Expression | Matches | Meaning |
---|---|---|
apple(?= pie) | 2: I love apple pie, but not apple juice or apple tart. apple pie is the best. | the sequence 'apple' followed by ' pie' |
apple(!= pie) | 2: I love apple pie, but not apple juice or apple tart. apple pie is the best. | the sequence 'apple' followed by anything but ' pie' |
Practical examples
- Based on the concepts above lets' use Regex for one of the most common uses in a web application.
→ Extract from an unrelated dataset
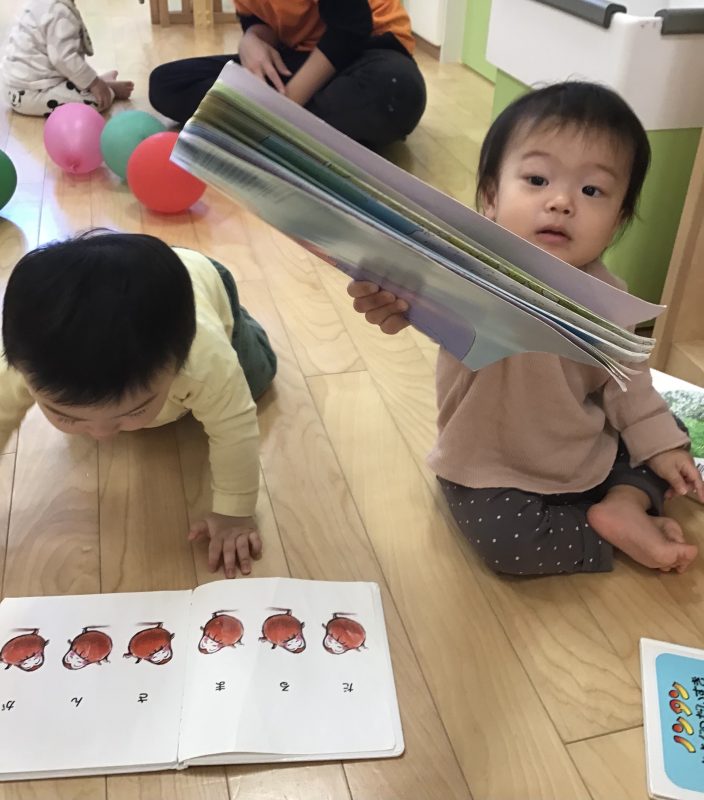 今月から入園したもも組のお友だちも絵本に興味を持ってくれています😊

- For testing password strength.
- Lets first define the criteria needed for a modern password:
- At,least 8 characters.
- Must contain an uppercase character, a lowercase character, a number and a symbol
- Lets start by defining our first requirement:
- .{8,}
- The wildcard proceeded by a counter of a minimum of 8 ensures that our password
./pwdStrength.py
def test_password(password, pattern):
compiled_pattern = re.compile(pattern)
if compiled_pattern.match(password):
print('Password "{0}" passes for expression: {1}\n'.format(password, pattern))
else:
print('Password "{0}" fails for expression: {1}\n'.format(password, pattern))
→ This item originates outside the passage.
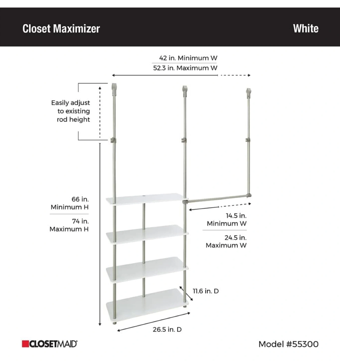 ClosetMaid 55300 Closet Maximizer, White, 11.6 x 53 x 74 inches

# Allow any characters (wildcard)
starting_regex = r'.*'
password1 = ''
password2 = 'abc'
password3 = 'abcdefgh'
test_password(password1, starting_regex)
test_password(password2, starting_regex)
test_password(password3, starting_regex)
# Minimum 8 characters requirement
min_char_regex = r'^.\{8,\}$'
password4 = 'abcdefghasdaaaaaaaaaaaa'
test_password(password1, min_char_regex)
test_password(password2, min_char_regex)
test_password(password3, min_char_regex)
test_password(password4, min_char_regex)
# We still dont have upper case requirement
# Our password needs to contain atleast one upper case character
# Lets use a lookahead expression to check whether there is a upper case letter
upper_case_regex = r'^(?=.*?[A-Z]).\{8,\}$'
password5 = 'aAa'
password6 = 'AVCDEFGHI'
password7 = 'asdaAdasd123'
test_password(password1, upper_case_regex)
test_password(password2, upper_case_regex)
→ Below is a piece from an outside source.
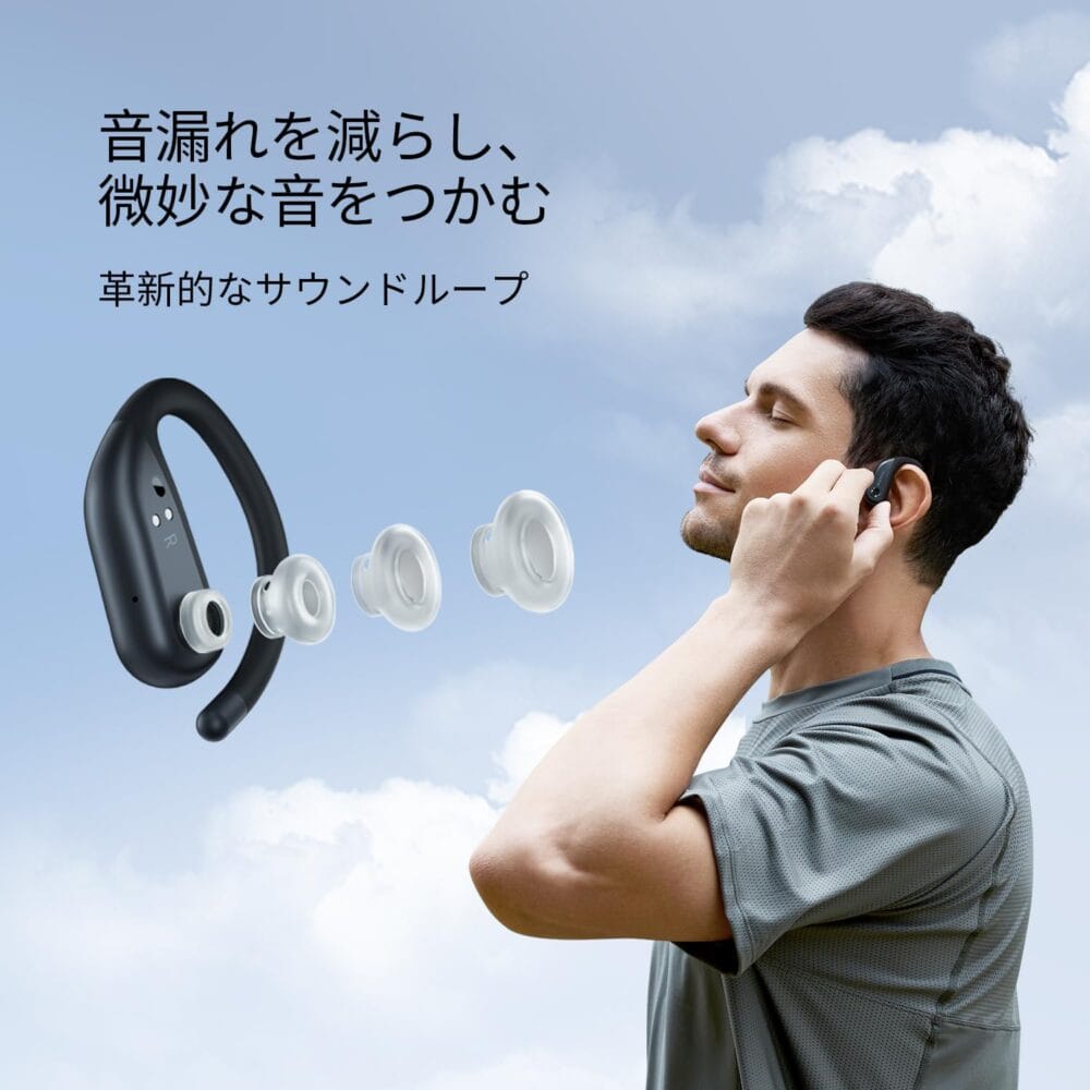耳穴を塞がないオープンイヤータイプのスポーツイヤホンであり、快適さとフィット感の完璧な融合を実現。圧倒的な快適性と、周囲の環境を把握できる認識性の高さを両立したモデルとなっている。

test_password(password3, upper_case_regex)
test_password(password4, upper_case_regex)
test_password(password5, upper_case_regex)
test_password(password6, upper_case_regex)
test_password(password7, upper_case_regex)
# We still have some more requirements;
# Need a lower case, number and a special character
final_regex = r'^(?=.*?[A-Z])(?=.*?[a-z])(?=.*?[0-9])(?=.*?[#?!@$%^&*-]).\{8,\}$'
password7 = 'asdaAdasd123'
password8 = 'aA2!'
password9 = '#a3aA'
password10 = 'asdaAdasd12!3'
password11 = 'Password123#'
test_password(password1, final_regex)
test_password(password2, final_regex)
test_password(password3, final_regex)
test_password(password4, final_regex)
test_password(password5, final_regex)
test_password(password6, final_regex)
test_password(password7, final_regex)
test_password(password8, final_regex)
test_password(password9, final_regex)
test_password(password10, final_regex)
test_password(password11, final_regex)
This will print:
console
Password "" passes for expression: .*
Password "abc" passes for expression: .*
Password "abcdefgh" passes for expression: .*
Password "" fails for expression: ^.{8,}$
Password "abc" fails for expression: ^.{8,}$
Password "abcdefgh" passes for expression: ^.{8,}$
Password "abcdefghasdaaaaaaaaaaaa" passes for expression: ^.{8,}$
Password "" fails for expression: ^(?=.*?[A-Z]).{8,}$
Password "abc" fails for expression: ^(?=.*?[A-Z]).{8,}$
Password "abcdefgh" fails for expression: ^(?=.*?[A-Z]).{8,}$
Password "abcdefghasdaaaaaaaaaaaa" fails for expression: ^(?=.*?[A-Z]).{8,}$
Password "aAa" fails for expression: ^(?=.*?[A-Z]).{8,}$
Password "AVCDEFGHI" passes for expression: ^(?=.*?[A-Z]).{8,}$
Password "asdaAdasd123" passes for expression: ^(?=.*?[A-Z]).{8,}$
Password "" fails for expression: ^(?=.*?[A-Z])(?=.*?[a-z])(?=.*?[0-9])(?=.*?[#?!@$%^&*-]).{8,}$
Password "abc" fails for expression: ^(?=.*?[A-Z])(?=.*?[a-z])(?=.*?[0-9])(?=.*?[#?!@$%^&*-]).{8,}$
Password "abcdefgh" fails for expression: ^(?=.*?[A-Z])(?=.*?[a-z])(?=.*?[0-9])(?=.*?[#?!@$%^&*-]).{8,}$
Password "abcdefghasdaaaaaaaaaaaa" fails for expression: ^(?=.*?[A-Z])(?=.*?[a-z])(?=.*?[0-9])(?=.*?[#?!@$%^&*-]).{8,}$
Password "aAa" fails for expression: ^(?=.*?[A-Z])(?=.*?[a-z])(?=.*?[0-9])(?=.*?[#?!@$%^&*-]).{8,}$
Password "AVCDEFGHI" fails for expression: ^(?=.*?[A-Z])(?=.*?[a-z])(?=.*?[0-9])(?=.*?[#?!@$%^&*-]).{8,}$
Password "asdaAdasd123" fails for expression: ^(?=.*?[A-Z])(?=.*?[a-z])(?=.*?[0-9])(?=.*?[#?!@$%^&*-]).{8,}$
Password "aA2!" fails for expression: ^(?=.*?[A-Z])(?=.*?[a-z])(?=.*?[0-9])(?=.*?[#?!@$%^&*-]).{8,}$
Password "#a3aA" fails for expression: ^(?=.*?[A-Z])(?=.*?[a-z])(?=.*?[0-9])(?=.*?[#?!@$%^&*-]).{8,}$
Password "asdaAdasd12!3" passes for expression: ^(?=.*?[A-Z])(?=.*?[a-z])(?=.*?[0-9])(?=.*?[#?!@$%^&*-]).{8,}$
Password "Password123#" passes for expression: ^(?=.*?[A-Z])(?=.*?[a-z])(?=.*?[0-9])(?=.*?[#?!@$%^&*-]).{8,}$
- Generating a final regular expression consists of fixing two kinds of errors.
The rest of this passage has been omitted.